Dikemudian hari, aku baru tahu dari ibu. Ayah sangat pendiam karena orang tua ayah mendidiknya dengan keras diwaktu ia masih kecil. Aku sungguh kasihan pada ayah. Sebenarnya ayah sangat menyayangi kami sekeluarga. Namun kini aku sangat bahagia, perlahan ayah sudah mulai sering berbicara padaku dan Sera meskipun masih sedikit kaku.
***
Sudah beberapa bulan berlalu. Aku sangat bahagia. Aku sangat bersyukur memiliki keluarga lengkap yang terdiri dari ayah, ibu, dan Sera. Aku sangat mencintai mereka! Dan kuyakin mereka pun merasakan hal yang sama. Terkadang, tanpa sadar ibu masih membandingkanku dengan orang lain. Namun, aku tidak lagi mengeluh melainkan mengingatkannya langsung secara baik-baik. Aku memakluminya, pasti sulit merubah kebiasaan ibu secara sekaligus. Aku sudah jarang bertengkar dengan Sera. Meskipun umurnya tidak berbeda jauh dariku, ia masih membutuhkan sosok seorang kakak. Ayahku, sudah sering berbicara ketika kami berkumpul. Terakhir, atas inisiatifnya sendiri, liburan semester ini dia mengajak kami berlibur ke Thailand. Sungguh senang hatiku. Berkat cinta, kini kami lebih sering tertawa bersama.

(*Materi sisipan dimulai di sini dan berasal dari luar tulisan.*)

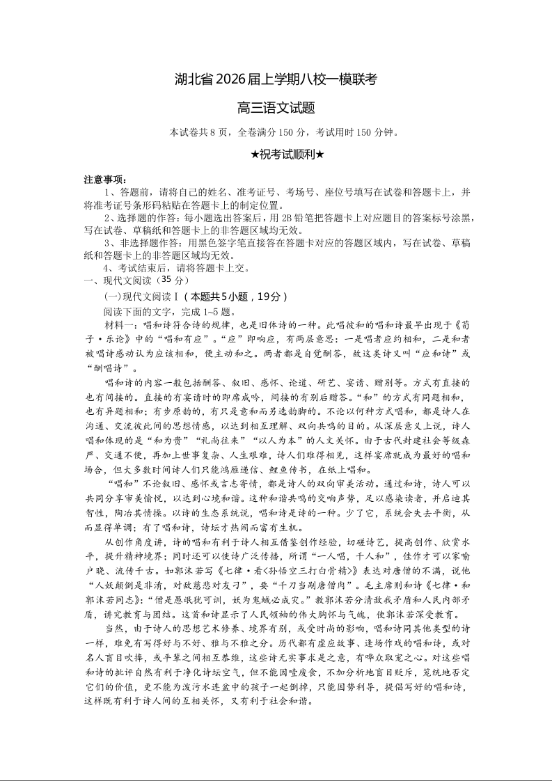 湖北省2026届上学期八校一模联考 语文解析版.docx
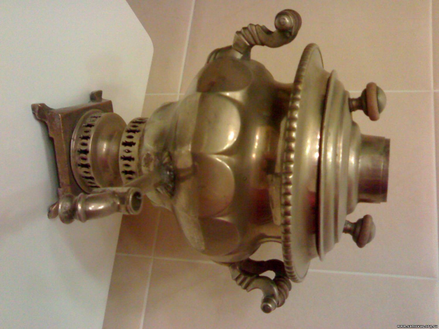 Quote (Osnovatel) Морально готов к любому вердикту :- Самовар русский. Крышка не от этого самовара. Вероятно восточная (Турция , Иран). Посмотрите на поддон самовара. Такое впечатление что в некоторых местах сошла никелировка. Это так? Кран паяли заново. Родной-ли он, по фотографии не могу сказать. |
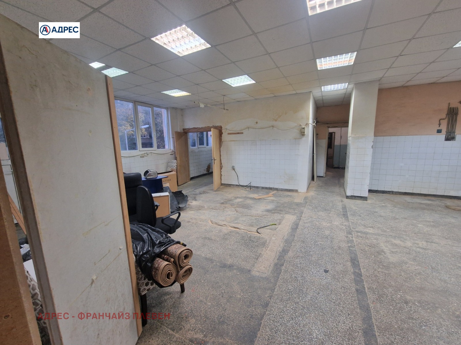 'АДРЕС' недвижими имоти предлага помещение, в ж.к.'' Мара Денчева''- 180 кв. м. Помещението има също санитарен възел и офис помещение ( може да се преустановява по желание на наемателя). Има трифазен ток, вода и възможност за поставяне на рампа.
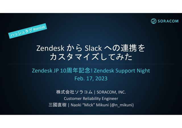 Night Feb. 17, 2023 株式会社ソラコム | SORACOM, INC. Customer Reliability Engineer 三國直樹 | Naoki “Mick” Mikuni (@n_mikuni)
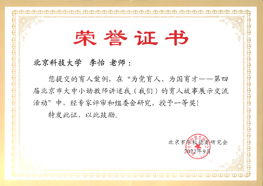 2.“为党育人、为国育才”——第四届北京大中小幼教师讲述我们的育人故事展示交流活动一等奖,2022年9月,李怡
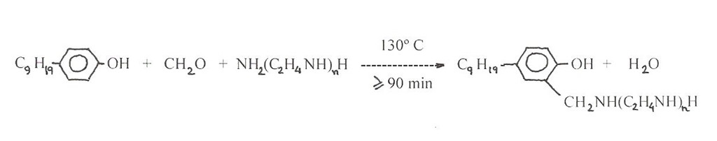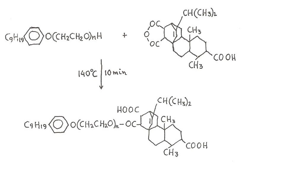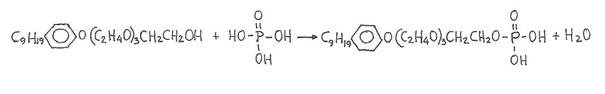 También se han empleado para la activación de algunos betunes asfálticos compuestos con grupos carboxilo, como el ‘tall oil’, los ácidos nafténicos y la colofonia; pero conociendo la debilidad frente al agua de estos ácidos y sabiendo que los derivados del ácido fosfórico mejoran las propiedades de los betunes, el autor de este artículo sintetizó, hacia 1997, un polímero orgánico para emplearlo como agente de adhesividad. El procedimiento de obtención de este activante consistió en la reacción de cantidades equimoleculares de nonilfenol con cuatro moles de óxido de etileno (NF – 4moe, 396 g/mol) y de ácido ortofosfórico (al 75 %, 132g), que equivalen, respectivamente, al 75 y al 25 % en peso de los reactivos. La reacción se produce calentando la mezcla a 170 – 175º C durante unas dos horas, perdiéndose unos 10 gramos de agua por 100 gramos de mezcla , de acuerdo con la reacción:
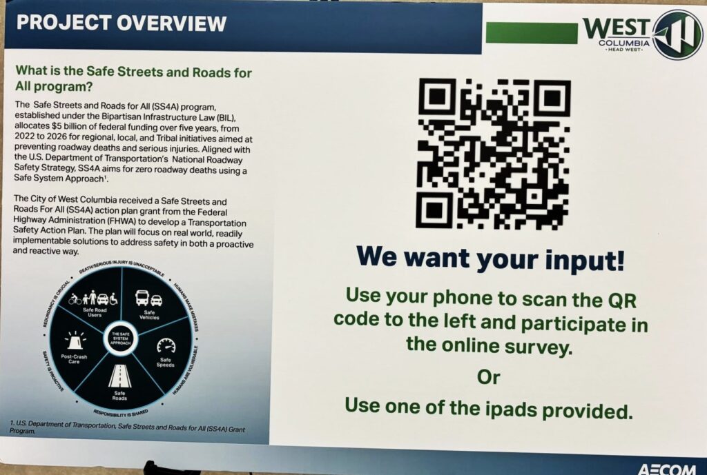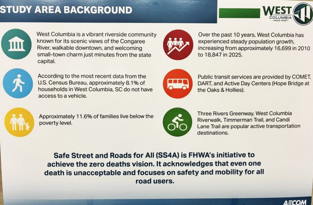 The City of West Columbia is in the process of developing a “Safe Streets and Roads for All Safety Action Plan.” The development of the safe streets plan is funded by a federal grant, to improve walkability, accessibility, and reduce serious crashes.
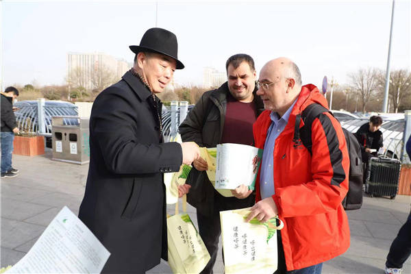 12月6日,沧州市茶文化促进会组织近20名会员到沧州高铁西站广场发放茶文化宣传资料和宣传品,解答旅客提出的疑惑,上面开头的一幕,正是活动的开始。 据杜雅良会长介绍,沧州市茶文化促进会刚刚从浙江金华领回茶文化“五进”工作优秀组织奖。此奖项由中国国际茶文化研究会颁发,全国仅有11个单位获得。今天部分会员为迎接此奖的到来,提前来到高铁广场开展宣讲活动。主要目的就是让茶文化的宣传无死角、无遗漏,不间断实现大众化、平民化、接地气的目标。
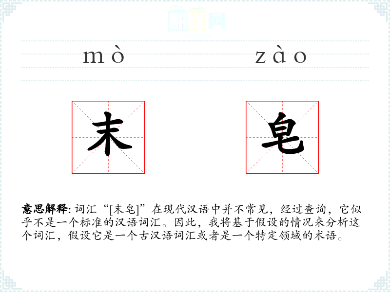词汇“[末皂]”在现代汉语中并不常见,经过查询,它似乎不是一个标准的汉语词汇。因此,我将基于假设的情况来分析这个词汇,假设它是一个古汉语词汇或者是一个特定领域的术语。
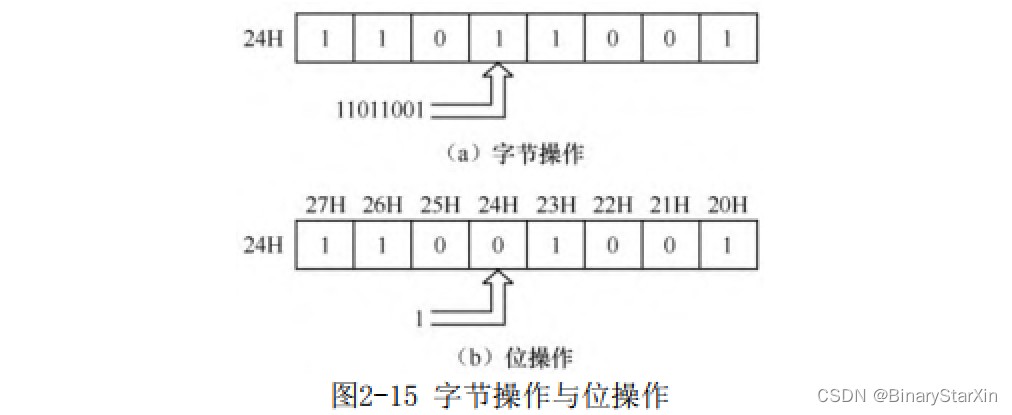 在进行字节操作时,用字节操作指令选中编址为24H的存储单元,然后可以将1B的数据存入该单元,或从该单元取出。图2-15(a)中是将1B的数据11011001存入编址为24H的存储单元。
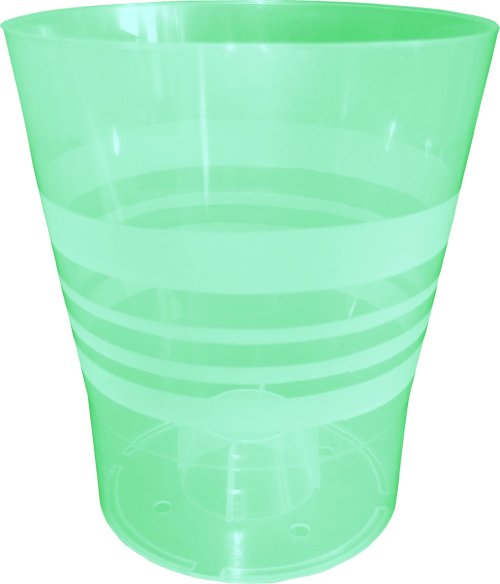 Plastový květináč pro orchideje. Zvýšené dno zajišťuje, aby rostlina netrpěla přelitím a přebytkem vody, což je nejčastější příčinou jejich uvadnutí. Lze použít také jako obal, odtokové otvory jsou pouze naznačeny.
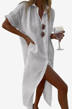 This Women's Long Shirt Dress is a loose-fitting, button-down garment with a smooth-textured fabric. Its relaxed silhouette and collared neckline make it suitable for women seeking a versatile piece for casual outings or beachwear, offering a practical design for warm weather.- Relaxed Fit: Oversized, flowy shape fits various body types comfortably.
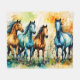 This image shows a herd of colorful horses in the pasture, blending whimsical drawing and abstract art elements in a palette of complementary colors.
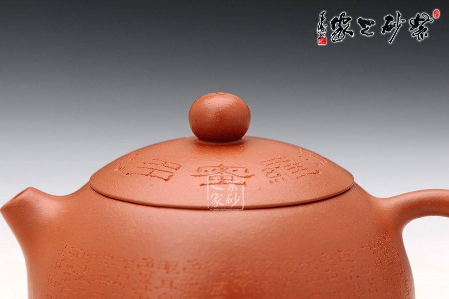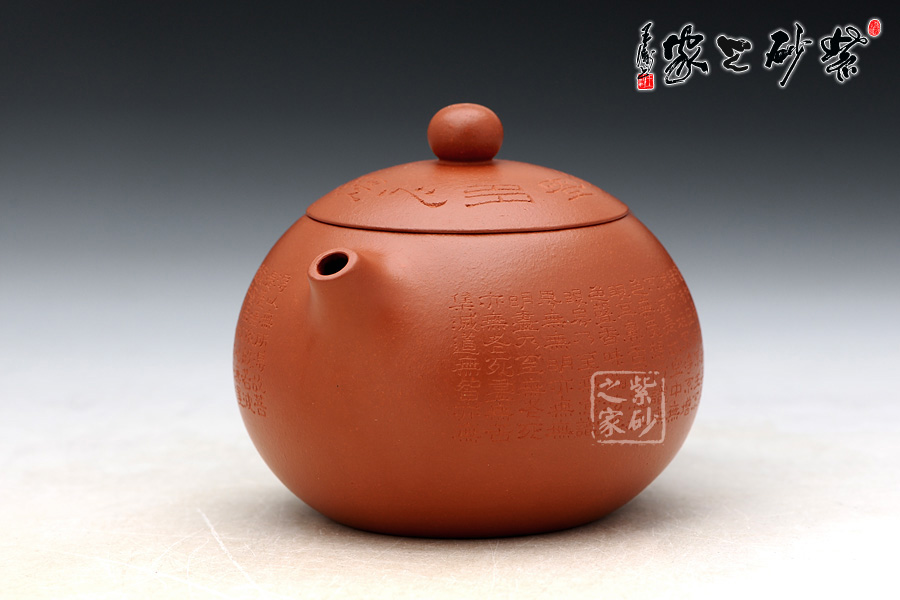 通體裝飾: 裝飾: 般若波羅蜜多心經(jīng) 裝飾者:王濤 裝飾內(nèi)容: 環(huán)刻《般若波羅蜜多心經(jīng)》小品壺西施,精巧可人令人愛不釋手,以此壺沖茗,取“茶禪一味”之意,茶中有禪機(jī),禪中有茶香
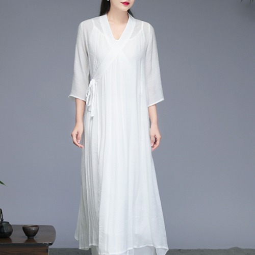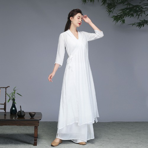 중국 스타일 선 여성을위한 면화 및 린넨 차 의류 명상 의류 선 댄스 의류 복고풍 Hanfu 드레스 투피스 세트 도매스토어 가기
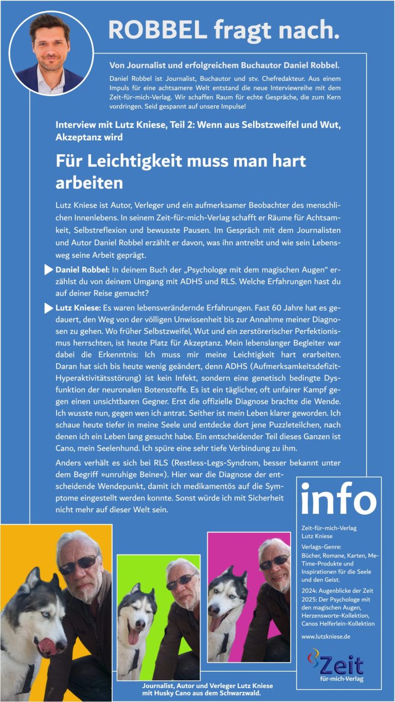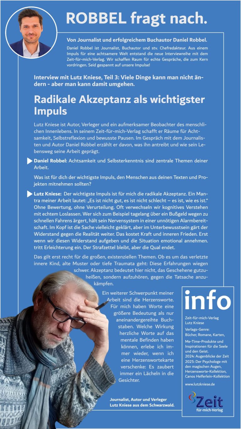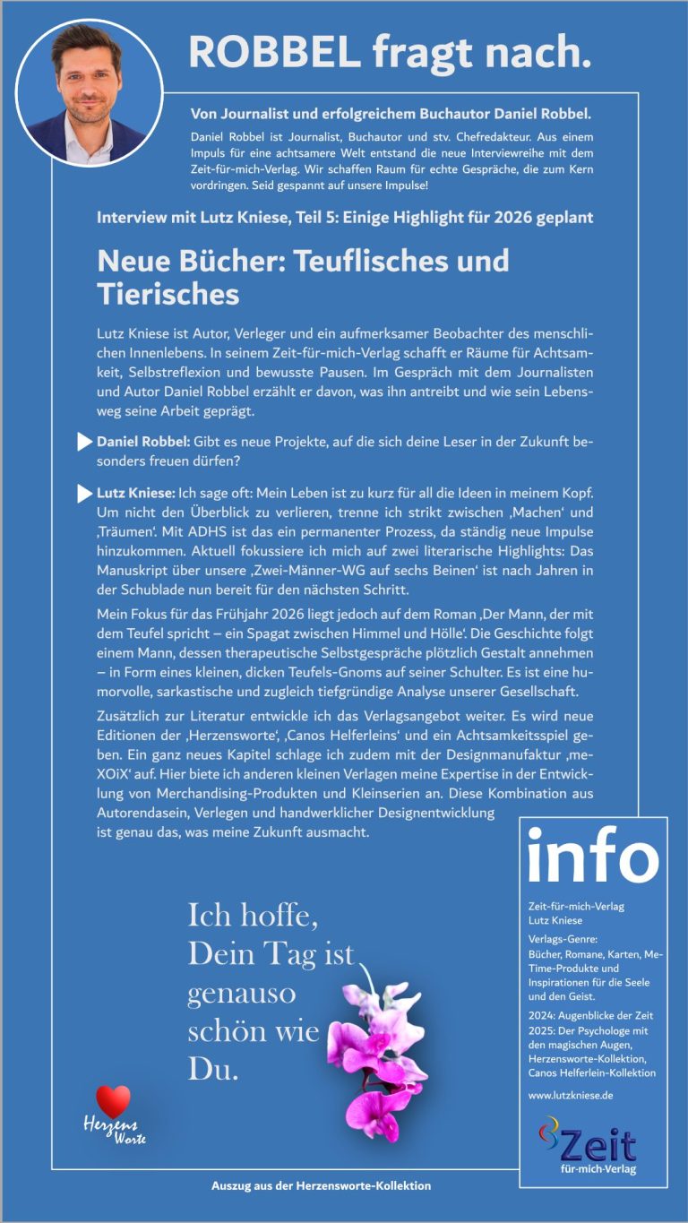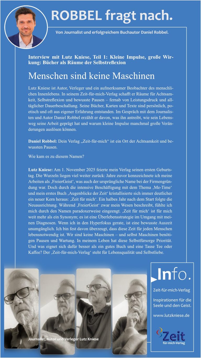 Lutz Kniese ist Autor, Verleger und ein aufmerksamer Beobachter des menschlichen Innenlebens. In seinem Zeit-für-mich-Verlag schafft er Räume für Achtsamkeit, Selbstreflexion und bewusste Pausen – fernab von Leistungsdruck und alltäglicher Dauerbeschallung. Seine Bücher, Karten und Texte sind persönlich, poetisch und oft aus eigener Erfahrung entstanden. Im Gespräch mit dem Journalisten und Autor Daniel Robbel erzählt er davon, was ihn antreibt, wie sein Lebensweg seine Arbeit geprägt hat und warum kleine Impulse manchmal große Veränderungen auslösen können.
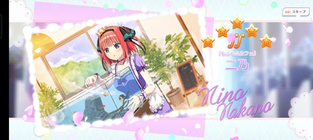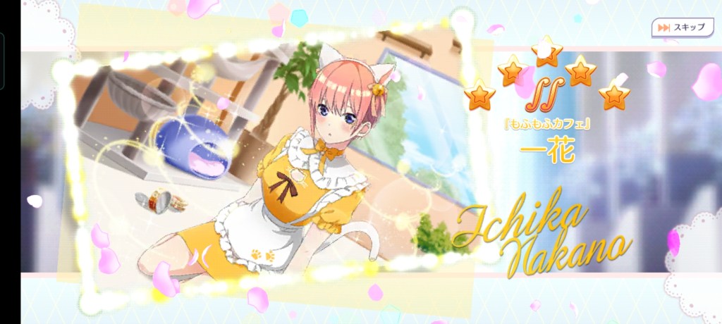 今回は、もふもふカフェ二乃しか手に入らなかった。しかも3枚。
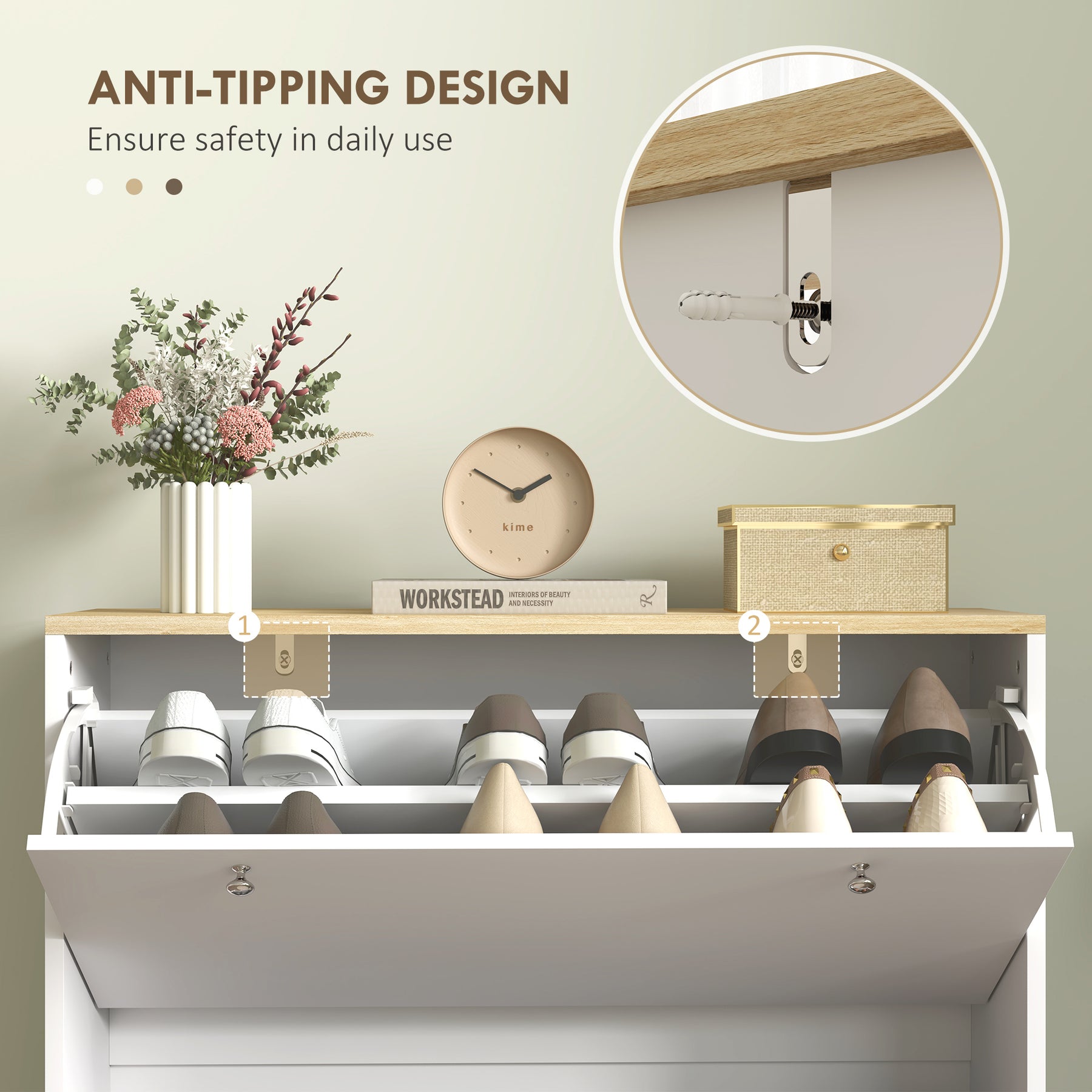 Tuck away your footwear in style with the HOMCOM entryway cabinet. Keep up to 16 pairs neatly organized in dual flip drawers, and adjust the two-level shelves to fit boots to flats seamlessly. The sleek tabletop of this slim shoe cabinet adds a chic touch to any entryway while ensuring your space stays clutter-free.

Yah perubahan itu tidak akan terjadi jika aku tetap mengeluh. Aku yang harus berubah, baru keadaan disekelilingku akan berubah. Kunci nomor satu dalam hubungan manusia adalah komunikasi yang baik. Perubahan dapat terjadi jika kita mau saling mendengarkan dan saling memahami…
***




[1] Indeks Prestasi, penilaian prestasi mahasiswa selama masa kuliah.